## Description of the task:
Print the listing below again, exactly. Skip the pictures.

## Data provided:

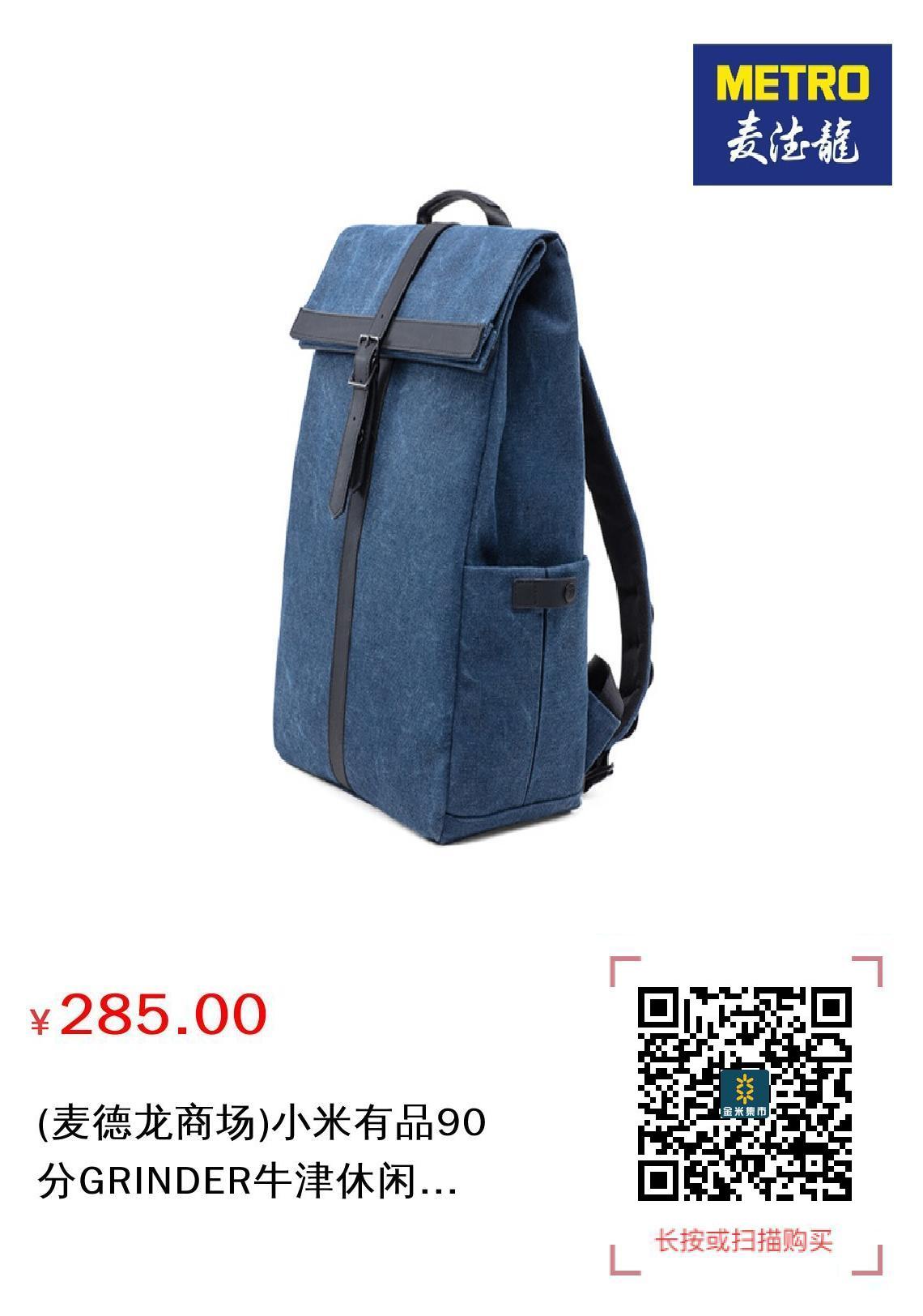 现金/积分 (麦德龙商场)小米有品90分GRINDER牛津休闲双肩包 218772
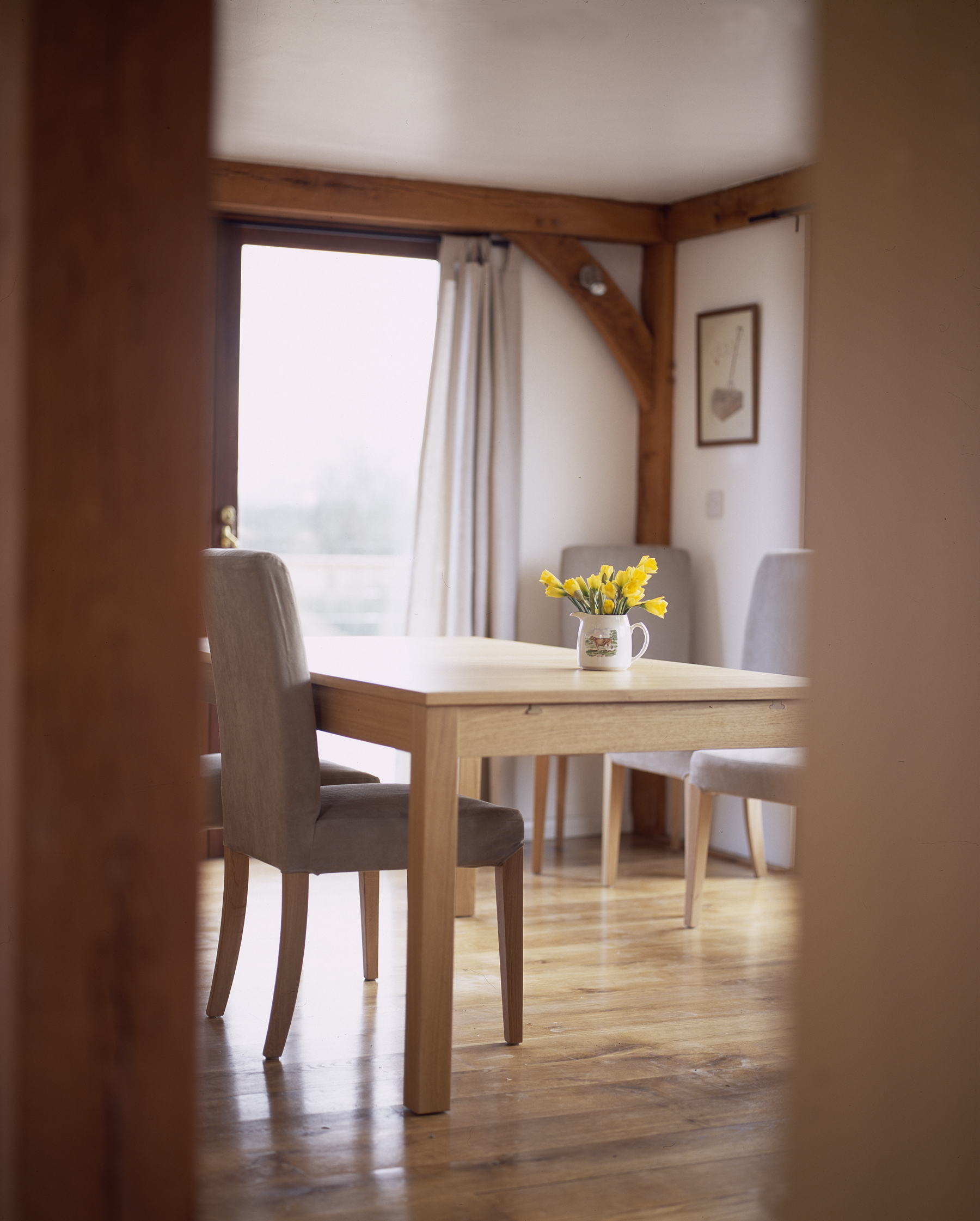 The main living space is segregated from the rest of the ground floor via a change in level, to help define the main rooms without the need to partition with full height walls which would reduce the amount of natural light enjoyed within the structure.
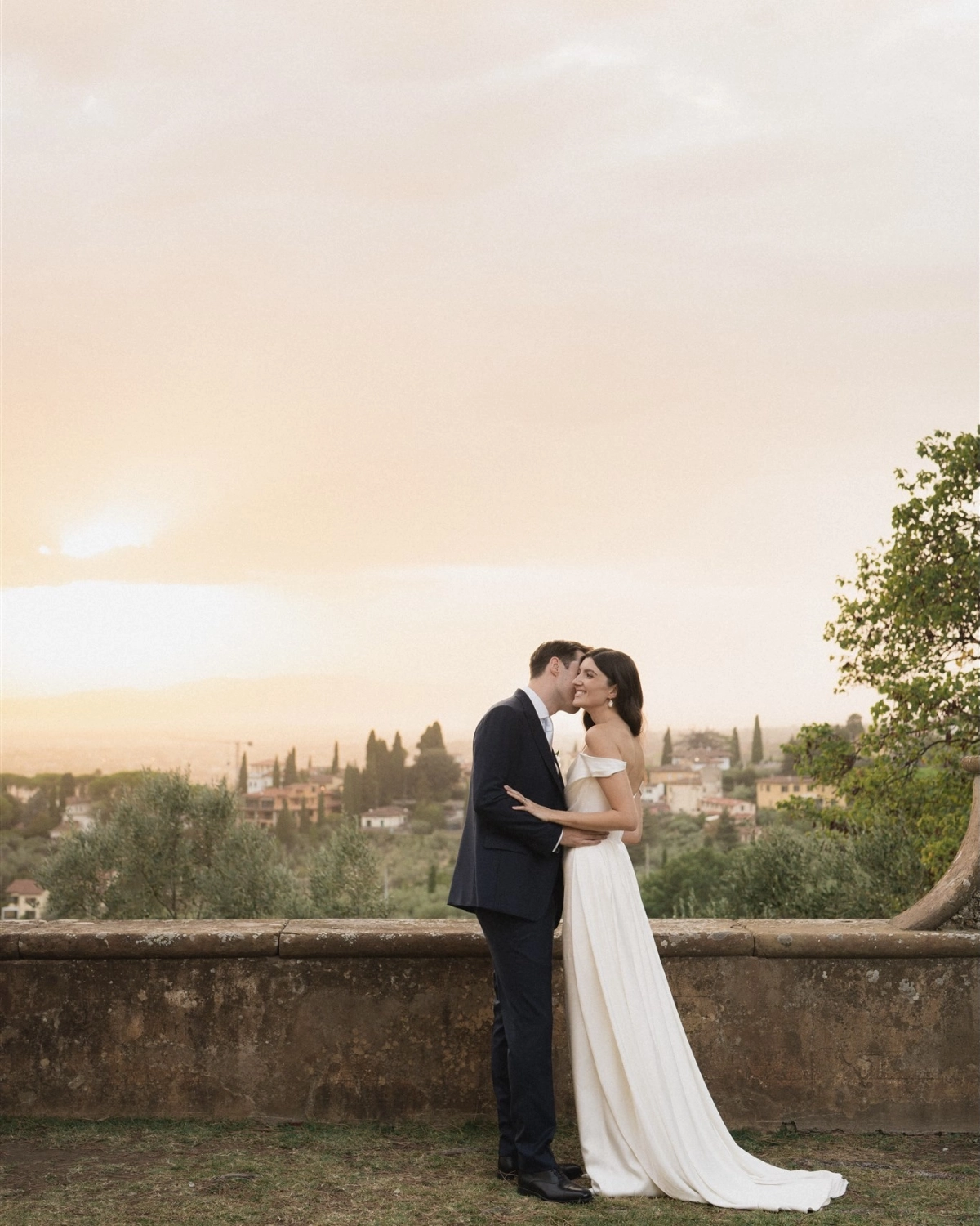 Having your wedding in the place where your first trip together took place is a dream for many. Anastasia and Stefano had a wonderful bridal experience at a stunning villa in Tuscany on the hills overlooking Florence. An outdoor ceremony and reception, an abundance of white flowers in the décor, live music — read below and learn about a destination wedding planning from the bride.

## Answer to the exercise:
 现金/积分 (麦德龙商场)小米有品90分GRINDER牛津休闲双肩包 218772
 The main living space is segregated from the rest of the ground floor via a change in level, to help define the main rooms without the need to partition with full height walls which would reduce the amount of natural light enjoyed within the structure.
 Having your wedding in the place where your first trip together took place is a dream for many. Anastasia and Stefano had a wonderful bridal experience at a stunning villa in Tuscany on the hills overlooking Florence. An outdoor ceremony and reception, an abundance of white flowers in the décor, live music — read below and learn about a destination wedding planning from the bride.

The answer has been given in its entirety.